Opinion
December 22, 1995
Appeal from the Ontario County Court, Henry, Jr., J.
Present — Pine, J.P., Lawton, Wesley, Callahan and Davis, JJ.
Judgment unanimously affirmed. Memorandum: The verdict convicting defendant of rape in the first degree is supported by sufficient evidence and is not against the weight of the evidence (see, People v Bleakley, 69 N.Y.2d 490, 495). County Court did not err in refusing to charge sexual abuse in the first degree as a lesser included offense of rape in the first degree, inasmuch as the former requires proof of sexual gratification, but the latter does not (see, People v Szarka, 163 A.D.2d 758, 759, lv denied 76 N.Y.2d 944). Nor did the court err in refusing defendant's request to charge attempted rape in the first degree as a lesser included offense, because there is no reasonable view of the evidence that would support a finding that defendant committed the lesser offense but not the greater (see, CPL 300.50, [2]; People v Glover, 57 N.Y.2d 61, 63).
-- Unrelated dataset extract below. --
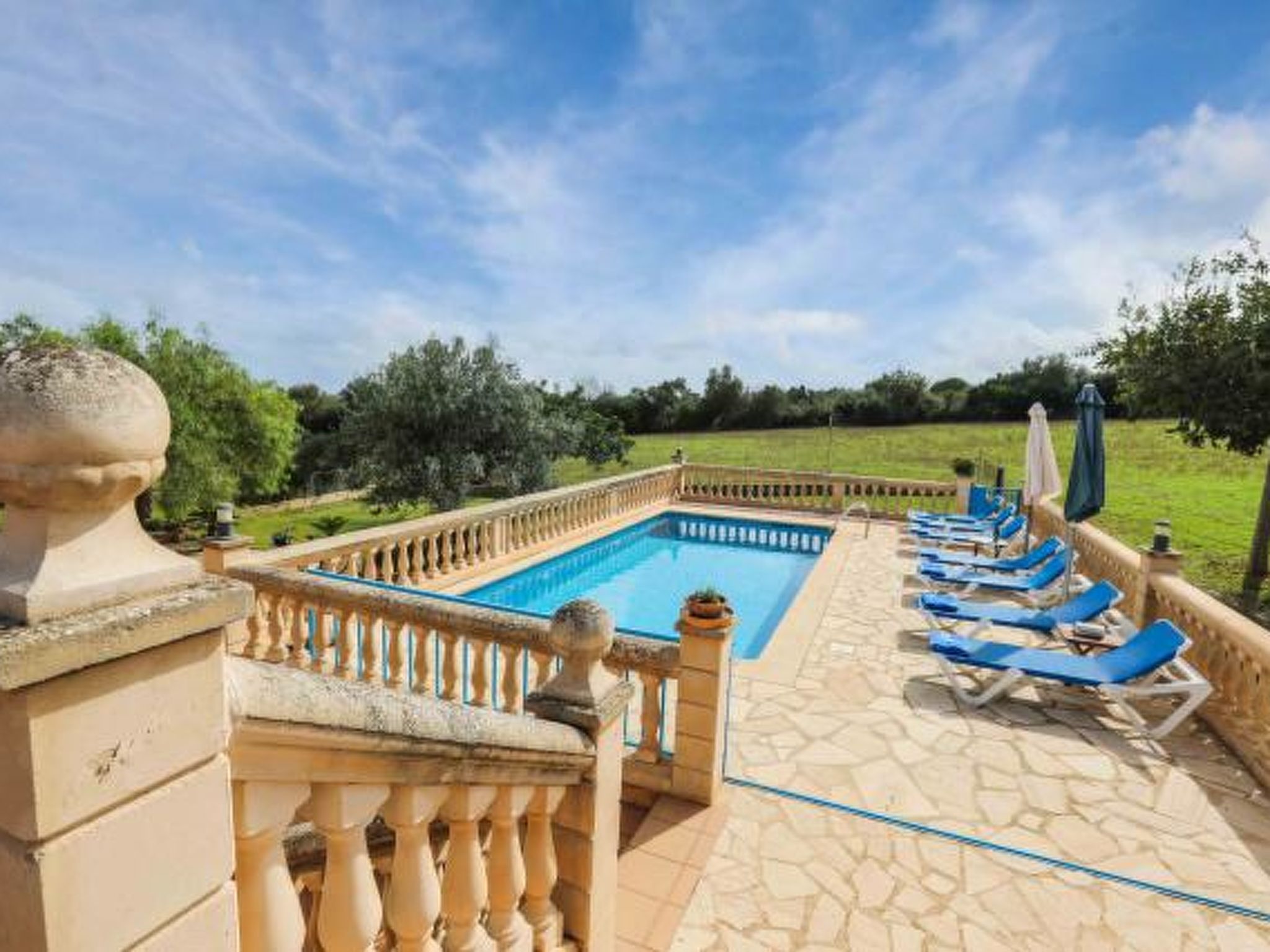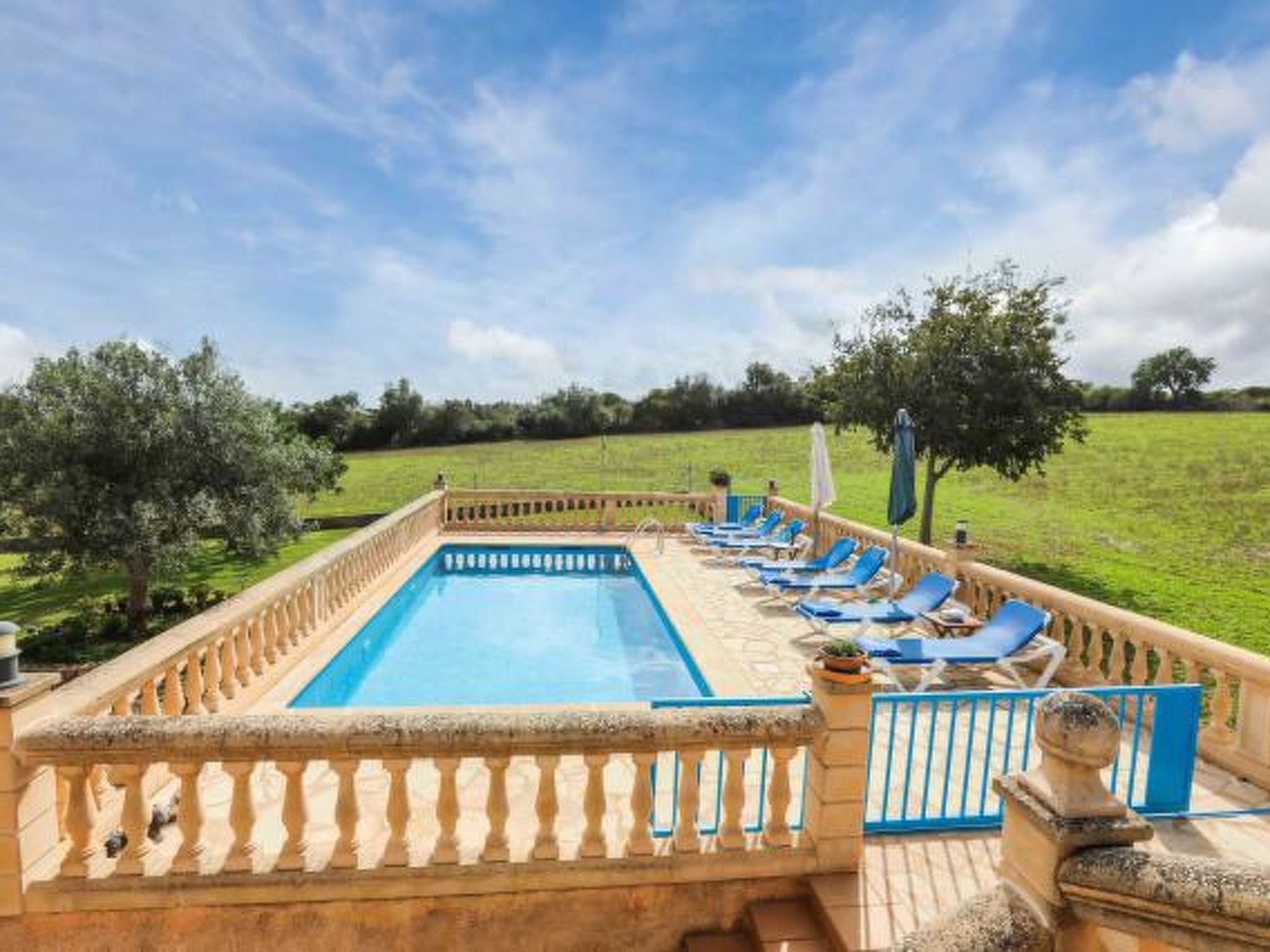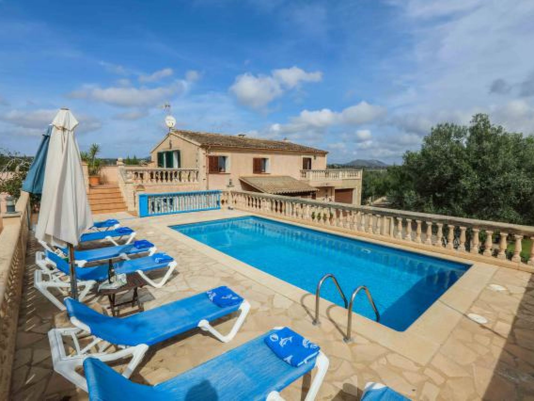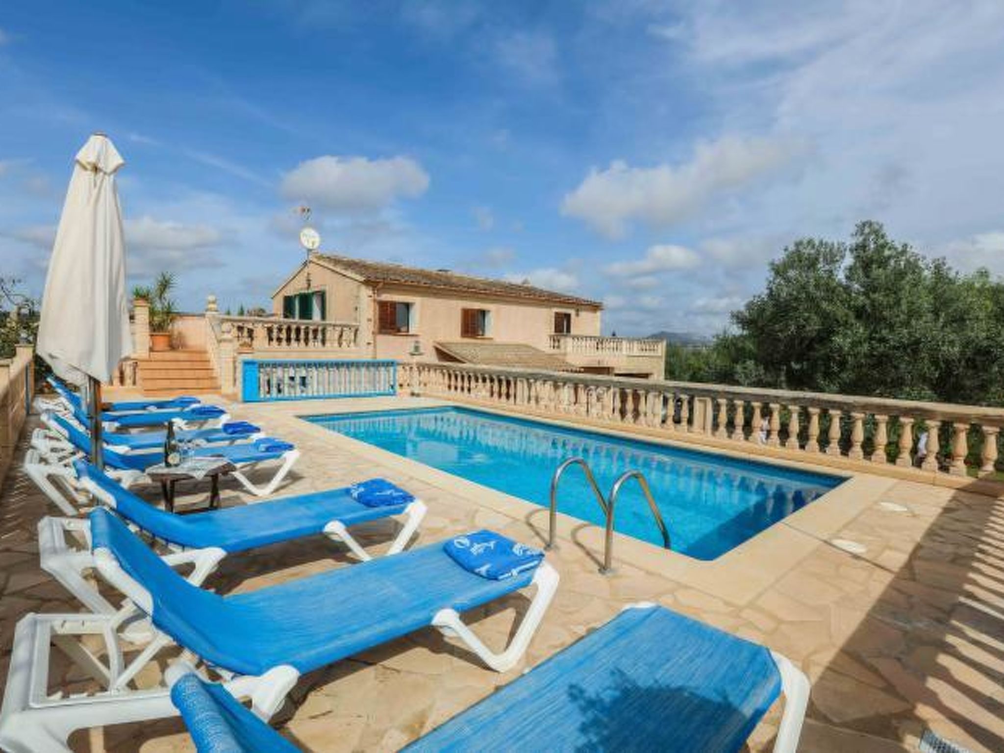 Dieses komfortable Haus ist ländlich gelegen und bietet 7 Personen ausreichend Platz für einen erholsamen Urlaub. Im Aussenbereich gibt es auf den Rasenflächen ausreichend Platz zum Spielen und Toben. Der Poolbereich liegt mit seinen zwei angrenzenden Terrassen erhöht und ist natürlich mit Sonnenliegen und Gartenmöblen ausgestattet. Ausserdem ist er umzäunt, was für Familien mit Kindern eine extra Sicherheit bedeutet (lassen Sie Ihre Kinder aber bitte trotzdem nie alleine im Aussenbereich!) Weiterhin steht ein Grill bereit, dass gemütlichen Barbequeabenden nichts im Wege steht. Das Haus verfügt im Erdgeschoss über ein kleines Esszimmer, einen weiteren Raum, der ebenfalls mit einem grossen Esstisch ausgestattet ist, eine voll ausgestattete Küche, ein Einzelschlafzimmer und ein Badezimmer. Im oberen Geschoss befinden sich ein gemütliches Wohnzimmer, drei Doppelschafzimmer mit jeweiligem Zugang zu den Terrassen und ein Duschbad. Ein tolles Haus für einen unbeschwerten Urlaub!

The record does not support the contention that the court imposed a longer sentence than that offered as part of the plea negotiation because defendant exercised his constitutional right to a trial (see, People v Davis, 167 A.D.2d 862, 863-864, lv denied 77 N.Y.2d 876). We also reject the contention that defendant was deprived of effective assistance of counsel (see, People v Stauffer, 202 A.D.2d 1041, lv denied 83 N.Y.2d 915; People v Arnold, 188 A.D.2d 1020, lv denied 81 N.Y.2d 836).